The choice of washing and eluting solvents is very important to achieve complete extraction and obtain pure extracts [40, 87, 93, 95]. In some cases, to remove unwanted compounds, before using the eluent, the column or cartridge is washed with 1–2 mL of a specially selected additional solvent for every 100 mg of the sorbent‒sample mixture. The choice of this solvent depends on the nature of the interfering components, if they are known to the analyst in advance. It is important to ensure that these solvents do not remove the target analytes. Highly soluble compounds are removed using deionized water or buffer solutions, basic substances by solutions of weak acids, such as acetic acid, and fats by hexane.
In choosing an elution solvent, the solubility of the target analytes in it is primarily taken into account. In addition, the elution solvent must be compatible with the subsequent determination method. For example, for the subsequent HPLC determination, it is desirable to use a water-miscible solvent, and for determination by GC, a volatile solvent.
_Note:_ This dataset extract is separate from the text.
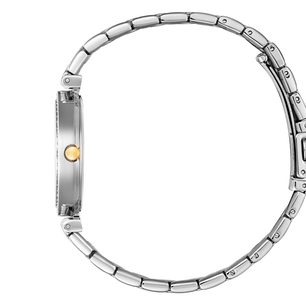The Citizen ER0216-59D watch has a case including the bracelet made of stainless steel with a partial PVD gold finish. Inside this case we find a Japanese Citizen 9633 quartz movement, powered by a battery. The elegance of this model is enhanced by the 44 Swarovski® stones placed along the entire lunette.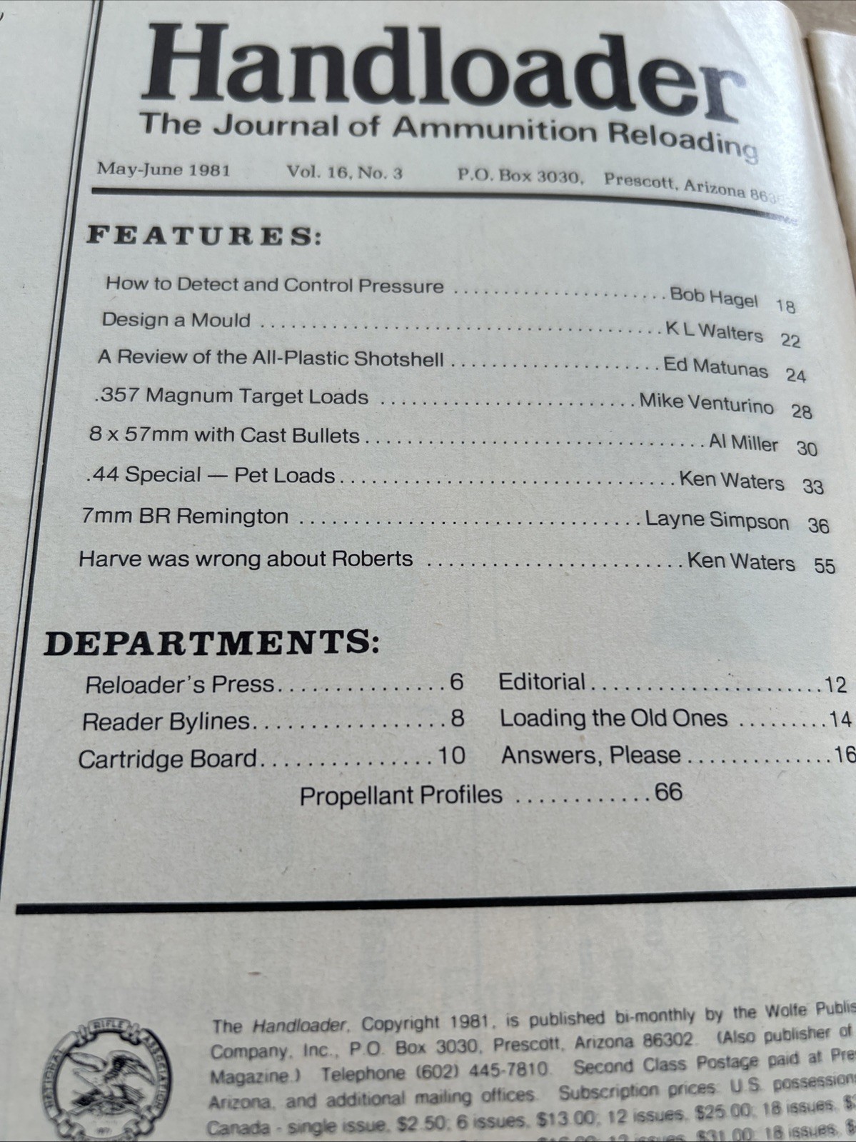 HANDLOADER RELOADING JOURNAL MAY - JUNE 1981

According to the data presented in the reviews [87, 93, 95], acetonitrile, methanol, and their mixtures are usually used to elute analytes from reversed-phase sorbents, and hexane, methylene chloride, acetone, ethyl acetate, and their mixtures, from normal-phase sorbents. In recent years, ionic liquids, surfactants, and deep eutectic solvents have begun to be used as alternative solvents. Little work has been done in this direction; they were cited in the reviews [40, 91, 93, 95]. Another parameter to consider during the elution step is the volume of the solvent. In the original version of the method, for eluting analytes from a column filled with 0.5 g of a sample and 2 g of a sorbent-dispersant, it was recommended to use 8 mL of an eluent [85]. Obviously, depending on the nature of the matrix and the sorbents used, this volume can be both smaller and larger.
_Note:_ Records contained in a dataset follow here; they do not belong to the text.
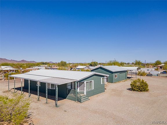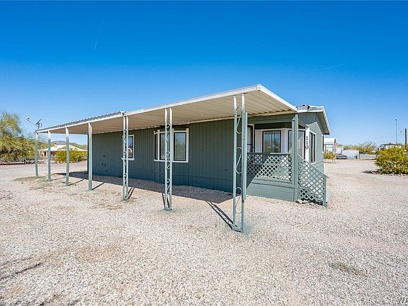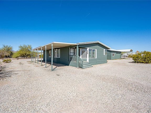 Discover this peaceful 2-bedroom, 2-bathroom home with a bonus office in Quartzsite, Arizona. Enjoy energy-efficient double pane windows, a sturdy metal roof, and modern HVAC system for year-round comfort. Seller is offering a $5,000 flooring allowance to potential buyers. The property features a spacious carport, a 32-foot deep 3-car garage with a finished room, and a large attached porch for relaxation. Two 50-amp RV sites, a storage shed, and a 12x40x12.5 Kool Kover provide additional space and shade. The fenced and gated property offers privacy and security, while an unconnected well presents potential for future use. Seize the opportunity to make this serene desert property your own.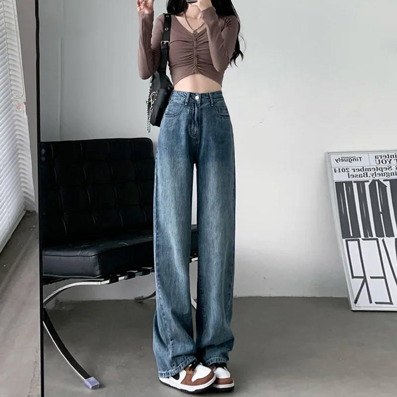 Name | 2023 Korean Women New High Waist Straight Leg Jeans Woman Simple Style Casual Cotton Denim Pants Ladies Loose Streetwear Jeans |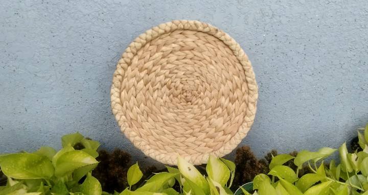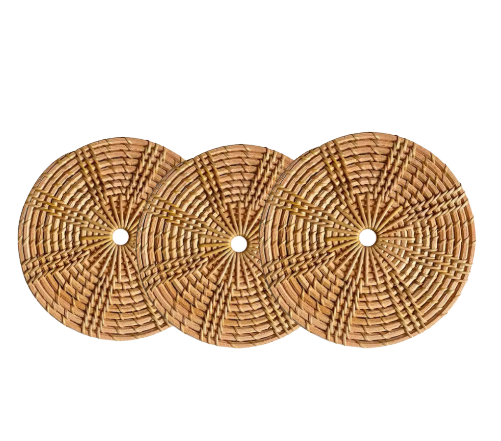 แผ่นรองจานหวายและที่รองจานหวายเป็นมิตรกับสิ่งแวดล้อมธรรมชาติทำมือสำหรับตกแต่งโต๊ะรับประทานอาหารขนมปังผลไม้และหม้อชา

A 2023 review [95] based on a scientometric analysis of 840 publications from the Scopus database noted that the matrix solid-phase dispersion method has found application not only to the chemical analysis of various samples (35% of publications), but also in the field of biochemistry, genetics, and molecular biology (about 20% of publications), in the field of agricultural and biological sciences (almost 10% of publications), as well as in the fields of environmental sciences, pharmacology, toxicology, engineering, materials science, and medicine (together almost 35% of publications). Separate reviews and large sections in reviews were devoted to the use of matrix solid-phase dispersion for the isolation and preconcentration of organic compounds from environmental samples [40, 83, 86, 90, 93], food products [80–84, 90, 93], and plants [83, 84, 94, 95]. In these reviews, informative tables provide information on the release conditions for pesticides [40, 81, 84, 86, 95], medicinal compounds [80–82, 84, 86, 90, 93, 94], mycotoxins [86, 90], persistent organic pollutants [84, 86, 93], endocrine disrupting compounds [95], flavonoids [91, 95], and many other organic compounds.
QuEChERS METHOD
The QuEChERS method was proposed in 2003 as a new version of the sample preparation of fruits and vegetables with high moisture contents for the determination of pesticides in them [96]. The essence of the method was in the simultaneous extraction of pesticides (up to 200 compounds) from vegetables and fruits with acetonitrile in the presence of a large amount of salts (mainly magnesium sulfate) and the subsequent purification of the extract using dispersive solid-phase extraction using the PSA amino sorbent. The abbreviation QuEChERS contains the most important advantages of the method (Quick, Easy, Cheap, Effective, Rugged, and Safe). The QuEChERS method made it possible to radically simplify the analysis of vegetables and fruits in determining pesticide residues in them, and subsequently was widely used for the extraction of a wide variety of organic compounds from food, natural, biological, and other matrices [97]. Currently, the QuEChERS method is a basis of standard official methods recommended for use in the United States, Europe, and other countries. More than 30 suppliers worldwide offer QuEChERS extraction kits. Undoubtedly, QuEChERS has become one of the most commonly used and popular analysis methods. According to Web of Science, by 2020, almost 4500 publications and a large number of reviews have been published [97–116], which are listed in chronological order in Table 2. The review [101] notes that QuEChERS should be viewed as a concept (methodology) for sample preparation rather than as a specific method.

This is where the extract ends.